→ **DATA TO EXAMINE**
———

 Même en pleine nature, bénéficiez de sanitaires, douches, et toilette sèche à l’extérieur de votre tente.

———

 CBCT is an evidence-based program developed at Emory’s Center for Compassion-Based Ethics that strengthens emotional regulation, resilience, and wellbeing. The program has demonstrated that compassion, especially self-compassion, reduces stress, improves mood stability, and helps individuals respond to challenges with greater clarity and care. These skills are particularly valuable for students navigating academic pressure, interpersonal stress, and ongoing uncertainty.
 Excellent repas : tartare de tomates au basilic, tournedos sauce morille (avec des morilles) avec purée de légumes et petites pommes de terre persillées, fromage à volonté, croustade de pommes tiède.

———

→ **ACTION ITEM**
Give again, word for word, every line of the listing above from the one with "CBCT is an evidence-based" to the one with "Excellent repas : tartare", both inclusive, and nothing beyond them.

→ **EXERCISE RESULT**
 CBCT is an evidence-based program developed at Emory’s Center for Compassion-Based Ethics that strengthens emotional regulation, resilience, and wellbeing. The program has demonstrated that compassion, especially self-compassion, reduces stress, improves mood stability, and helps individuals respond to challenges with greater clarity and care. These skills are particularly valuable for students navigating academic pressure, interpersonal stress, and ongoing uncertainty.
 Excellent repas : tartare de tomates au basilic, tournedos sauce morille (avec des morilles) avec purée de légumes et petites pommes de terre persillées, fromage à volonté, croustade de pommes tiède.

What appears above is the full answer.